Das Bürgermeisteramt ist ein Beruf ohne Feierabend, von dem Ingrid Pongratz sagt, er sei ihre „schönste, größte und interessanteste Herausforderung“.

Wie es dazu kam, erfahre ich in ihrem holzgetäfelten Amtszimmer im Rathaus, mitten in Miesbach, mit Blick auf die große Sundheimer-Baustelle, auf den Bahnhof und in die Altstadt. Damit ist schon viel gesagt. Lauter Sorgenkinder, die sie permanent im Auge behalten muss. Ihr Terminkalender ist prallvoll, „keine freien Abende mehr in den nächsten fünf Wochen“, sagt sie bedauernd zu einem Anrufer, der sie zu einer Veranstaltung einladen will.

Schon in ihrer Jugend interessierte sich Ingrid Pongratz für Politik, aber durch Studium und Familiengründung geriet dieses Engagement zunächst in den Hintergrund. Für die selbständige Maschinenbauingenieurin, die zusammen mit ihrem Mann eine Kfz-Prüfstelle betrieb, war es schwierig, Familie, Beruf und öffentliches Engagement miteinander zu vereinbaren. Der CSU-Ortsverband Miesbach konnte sie dennoch überreden, für den Stadtrat zu kandidieren. Im Jahre 1996 wurde sie auf Anhieb in das Gremium gewählt, 2002 sogar als Stimmenkönigin wiedergewählt.

Als nach dem überraschenden Tod des Amtsinhabers Dr. Gerhard Maier im April 2003 für Miesbach ein neuer Bürgermeister gesucht wurde, warf Ingrid Pongratz, nach eingehender Abwägung aller Gesichtspunkte, mutig ihren Hut in den Ring. „Frau, evangelisch, getrennt lebend“ – keine günstige Ausgangslage für das Bürgermeisteramt in einer konservativ geprägten oberbayerischen Kleinstadt. Aber Ingrid Pongratz bewies in einem höchst spannenden Wahlkampf gegen den als Interimsbürgermeister fungierenden SPD-Kandidaten unglaubliches Standvermögen und wurde bereits im ersten Wahlgang mit absoluter Mehrheit gewählt.
Viel Zeit blieb ihr nicht, sich in Ruhe auf die neue Aufgabe vorzubereiten, denn die Amtsgeschäfte riefen. Die Vorbehalte gegenüber einer Frau in diesem Amt blieben nicht aus. „Kann die das überhaupt?“ war eine der meist gestellten Fragen. Aber sie ließ sich nicht unterkriegen, galt es doch, ein Exempel zu statuieren.

So erlebte Ingrid Pongratz mit 47 Jahren über Nacht einen kompletten Spurwechsel, der von Anfang an bindend war, denn die Wahl zum Bürgermeister erfolgt auf sechs Jahre. Im Handumdrehen dehnte sich ihr Verantwortungsbereich auf ein großes Stadtgebiet mit 12.000 Einwohnern aus.

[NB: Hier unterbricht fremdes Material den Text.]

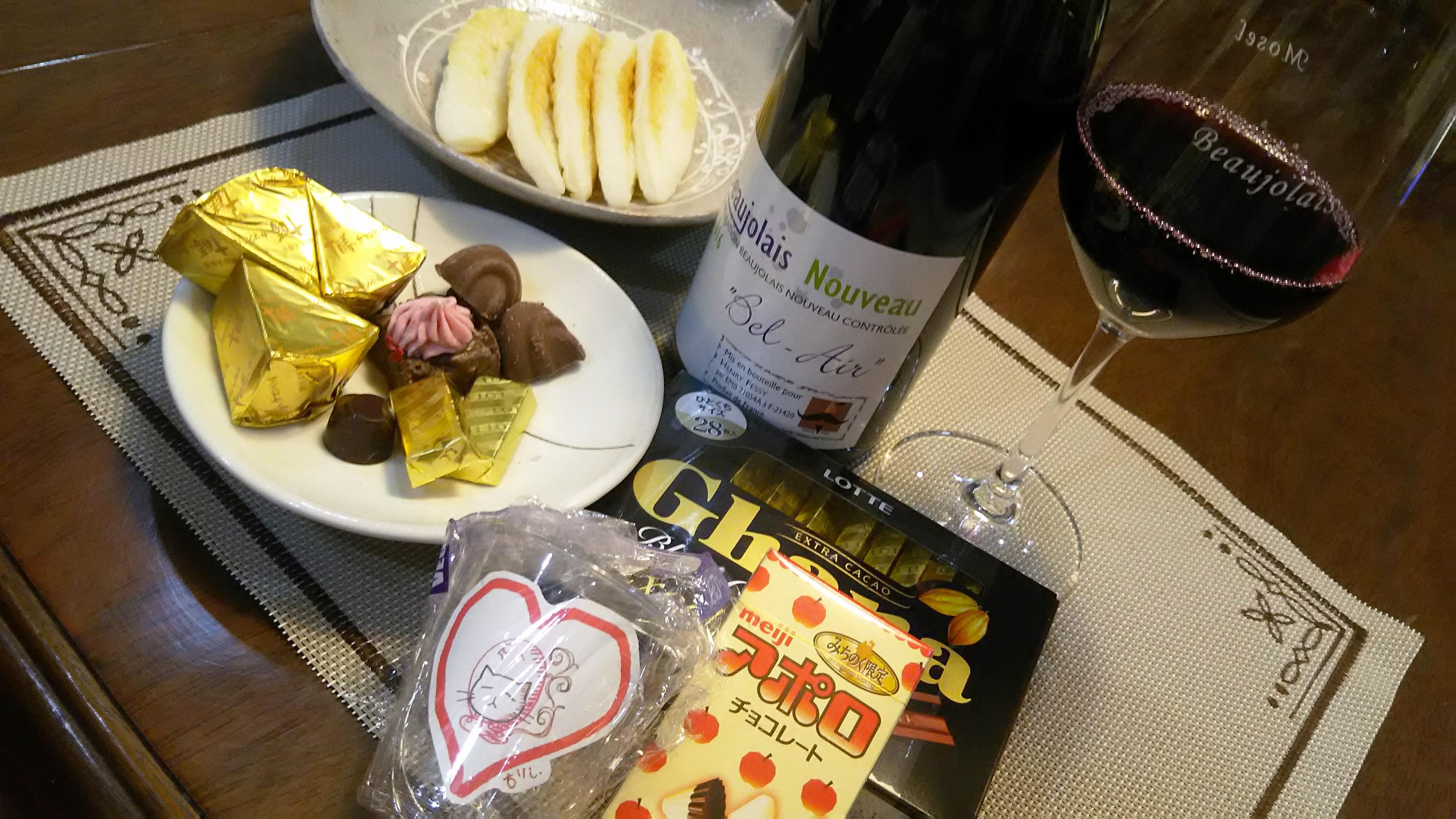 そこで、今回は、チョコレートに合わせる酒と言えばワイン!という位に鉄板の組み合わせで、晩酌を楽しみたいと思います。今回頂いたチョコレートは、手作りの物から地域限定品や有名銘柄等で、味わいも、甘いものから苦みの強い物、酸味の利いたものや、さらりとしたものなど、バラエティに富んだ品ぞろえとなっていますので、この機会に様々な飲み合わせを楽しみたいと思います(笑)
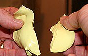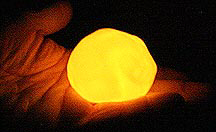 Even more interesting about this glow putty is that it is faintly triboluminescent, meaning that when it's discharged you can see a flash of light when it it is quickly stretched or torn in half. This phenomenon is similar to the flash seen when a wintergreen lifesaver is crushed. (Please check out the WINTERGREEN LIFESAVER FLASH page to see what this looks like.) The flash given off by glow-in-the-dark Thinking putty is extremely faint, requiring an ISO of 3200 and two stacked 100-percent contrast enhancements to make it even faintly visible in a photograph. Such as it is, here it is:
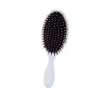 This oval hairbrush features nylon bristles that help smooth and detangle hair whether it's dry or wet. It has a contoured handle for an easy grip, along with a light teal color that adds a playful pop of style to her dresser or bathroom essentials.

„Angst habe ich keine empfunden, denn ich habe immer nach Herausforderungen gesucht. Ich finde jeden Tag im Amt spannend und möchte für alle Probleme immer gute Lösungen finden.“

Die Bürgermeisterin, die im Jahr 2008 auch als Stimmenkönigin in den Kreistag gewählt wurde, empfindet sich als Schwungrad in einem Getriebe, das nur funktioniert, wenn sich andere Räder mitdrehen. Dieses Schwungrad glaubt man ihr gern. Meist hört man es schon an ihrem energischen Schritt, wenn sie zu neuen Taten schreitet. Kein Tag gleicht dem anderen. Sorgen um die Wasserversorgung, das Straßennetz, die Finanzen. Vorsitz in Stadtrats-, Bauausschuss-, Finanz-, Kultur- und Schulverbandssitzungen. Ehrungen, Empfänge, Gratulationen, Grußworte. Der Alltag eines Kommunalpolitikers ist vielfältig, zehrt aber auch an den Kräften, lässt nur wenig Privatleben und selten einen Feierabend zu.

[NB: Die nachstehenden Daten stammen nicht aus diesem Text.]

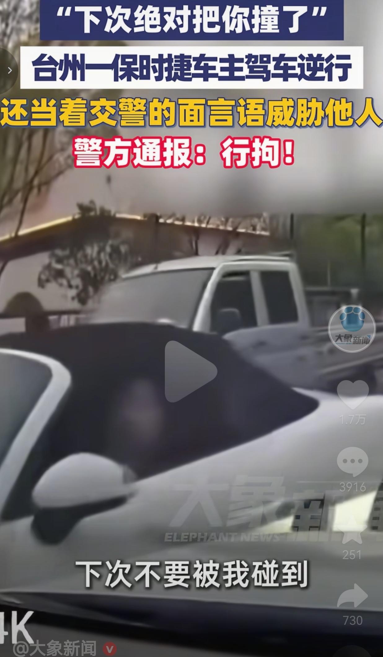 4月10日,台州公安局椒江分局作出警方通报:逆行:罚款200元、记3分,威胁人身安全:依法行政拘留 ,一纸处罚,可谓大快人心!
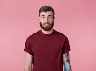 Ooops! Something wrong! Portrait of young attractive tattooed red bearded man in blank t-shirt, looks sorry and sad, stands over pink background.
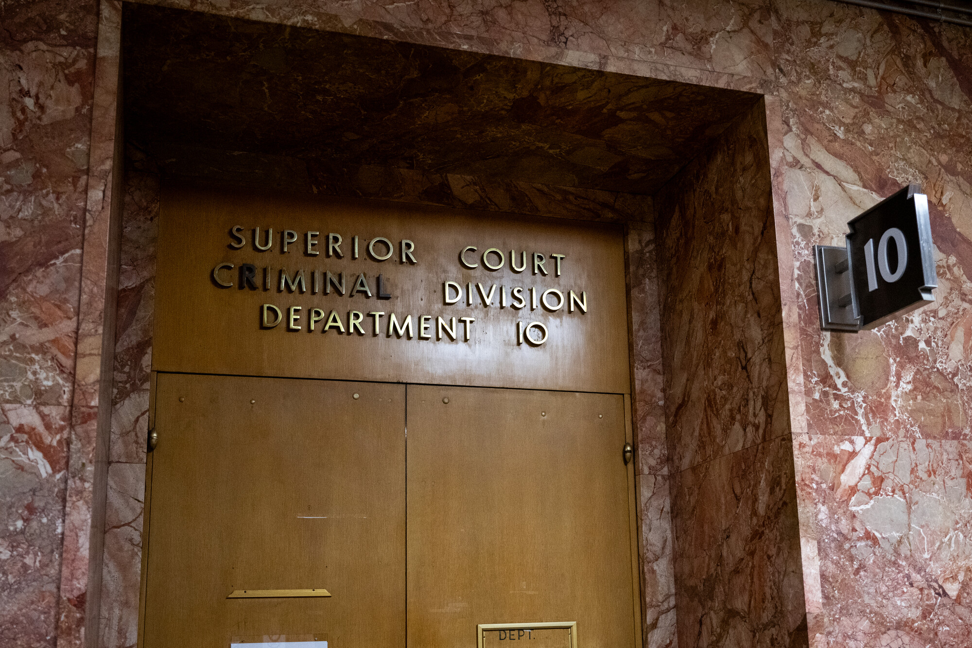 The door for Superior Court Criminal Division Department 10 at the Hall of Justice in San Francisco on Aug. 6, 2024. (Beth LaBerge/KQED)

Ob sie für ihren Spurwechsel Mentoren hatte?
„Nein, ich wurde ins eiskalte Wasser geworfen und habe ausdauernd schwimmen müssen.“ Heute wirkt sie absolut zielorientiert, politisches Taktieren ist ihr fremd, lieber packt sie beherzt an, wo es nötig ist, um ihrer Heimatstadt bestmöglich zu dienen.

„Mein Spurwechsel war abrupt, ich habe dennoch die richtige Weiche erwischt und bin in eine positive Zukunft gefahren.“

Wenn es ihre Zeit zulasse, sei sie gerne bereit, jungen Leuten unter die Arme zu greifen, die sich politisch engagieren möchten. Wer weiß, vielleicht ist eines Tages auch ein/e Nachfolger/in für das Bürgermeisteramt darunter? Allerdings ist sie fest entschlossen, für die nächste Wahlperiode wieder zu kandidieren.